Jonny snorted. “She’ll never admit that it wasn’t a ghost.”
“But she already has. I think it was her initial shock that made her believe she’d seen a ghost. On the phone she told me, ‘That image is turning around in my head. I’ll figure out who it was soon.’ Maybe she recognized Carina as the ghost nurse after all,” Birgitta concluded.
“That lady is completely nuts,” Jonny said.
Irene carefully shifted her leg, which was in a cast. It was itching terribly. The operation on her muscles and tendons had gone well, but she’d have to wear the cast for several weeks more. Thankfully, no bone had been broken. At least osteoporosis wasn’t showing up yet.
Inez Collin looked at Irene’s leg thoughtfully. She cocked her head and finally said, “A cast on a leg looks more dramatic than one on a wrist.”
The assembled group of investigators raised their eyebrows. The prosecutor said pensively, “I’m thinking about Carina’s personality. My impression is that she believes she is above other people. Smarter. Stronger. More beautiful. She seems to believe she’s entitled to use whatever methods she wants to reach her goals. Sociopathic. I believe she’s as vain as other sociopaths. Extremely vain, in fact. Perhaps we should use that.”
Inez quickly sketched her strategy. Irene protested at first, but then let herself be convinced. It was worth a try.
THEY BORROWED A wheelchair from Central. Irene sat down in the chair, and her colleagues helped unfold the foot-rest. With her leg sticking straight out, she definitely appeared pathetic, defenseless, and vulnerable.
Fredrik Stridh was playing her caretaker. The chair’s wheels burned rubber as he cleared the corner to catch the elevator. He punched the top button, and soon they started their journey up to the prison floors.
CARINA HAD JUST had a shower and was drying her hair with a towel. The cold cell smelled like expensive perfume with an undertone of coconut, the same aroma that had alerted Irene’s subconscious that day in the garage. So far Carina’s prison stay had not even made her tan fade.
Fredrik went in first and said, “You have a visitor.” Without waiting for an answer, he went back to the hallway and returned pushing Irene in her wheelchair. Carina stopped in the middle of drying her hair and stared straight at Irene, still not saying a word.
Fredrik said, “It’s crazy what you did to poor old Irene Her leg practically fell off. She’s on months of sick leave.”
Irene fumed inwardly. Fredrik was taking his role a little too seriously; he was overstepping the script as well. Carina did not appear to react, but there was a touch of curiosity in her eyes as she regarded Irene’s cast.
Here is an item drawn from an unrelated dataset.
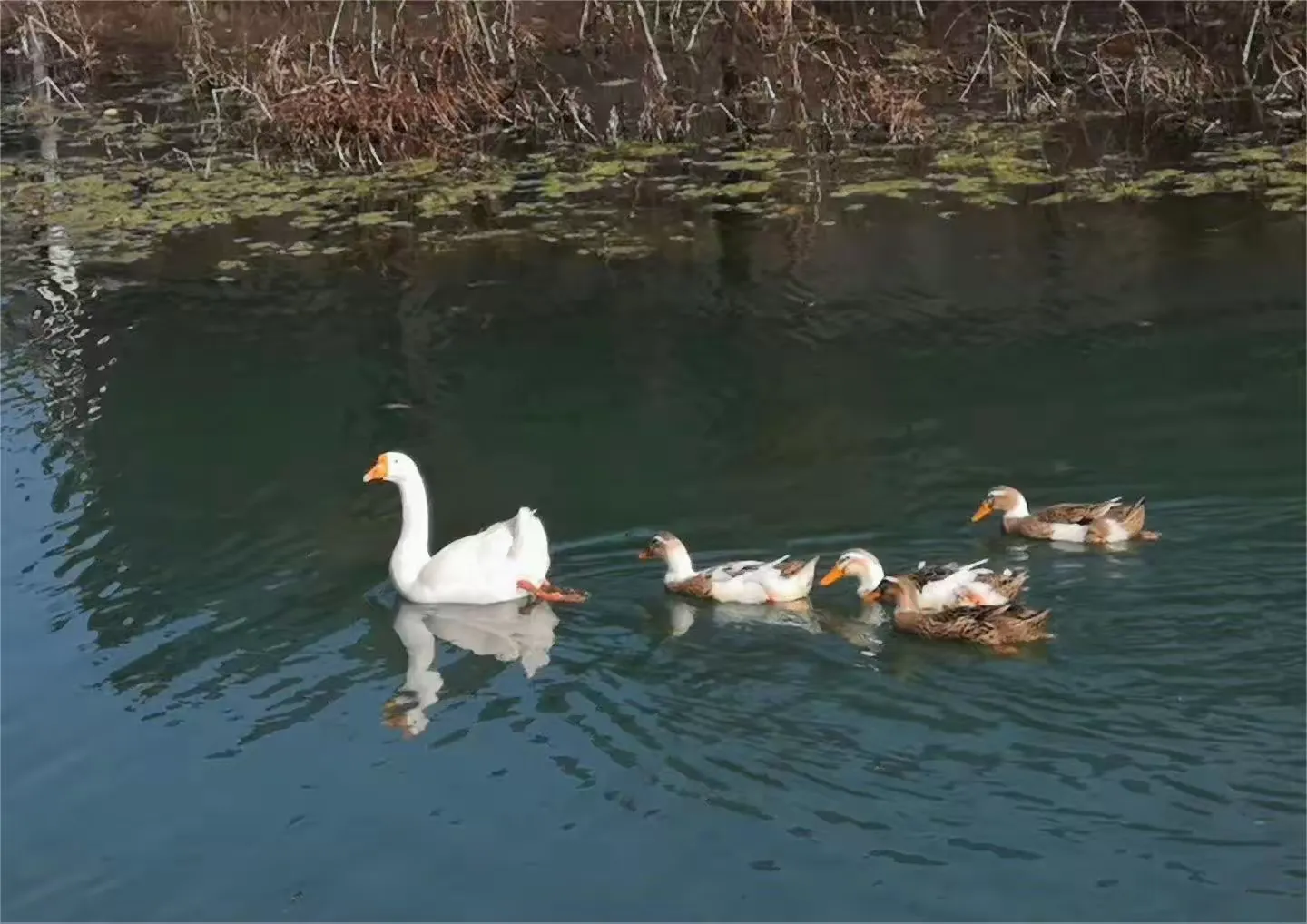 岸边的柳树垂下细长的枝条,嫩绿的新芽星星点点,随风轻拂水面,与澄澈的湖水、远处的青山构成一幅绝美的山水画卷。驻足湖边,清风拂面,听流水潺潺,看波光粼粼,尘世的喧嚣与浮躁,都在这一湾碧水的温柔怀抱中渐渐消散,只剩内心的澄澈与安宁。偶有鹅鸭戏水,泛起圈圈涟漪,打破了湖面的静谧,却更添几分灵动与生机。

Irene hurried to take over from Fredrik. “You’re really strong. This was the worst fight I’ve ever been in. I told everyone you were the strongest and smartest person I’ve ever come up against. You are in fantastic shape.”
She stopped talking, wondering if she’d spread it on too thick. Perhaps not, because Carina was starting to show the hint of a smile. At least she appeared to be listening. Encouraged, Irene continued. “The cleverest bit was when you decided to dress up in Nurse Tekla’s old uniform from the suitcase. If anyone saw you, they’d think they’d seen the hospital ghost. Very clever.”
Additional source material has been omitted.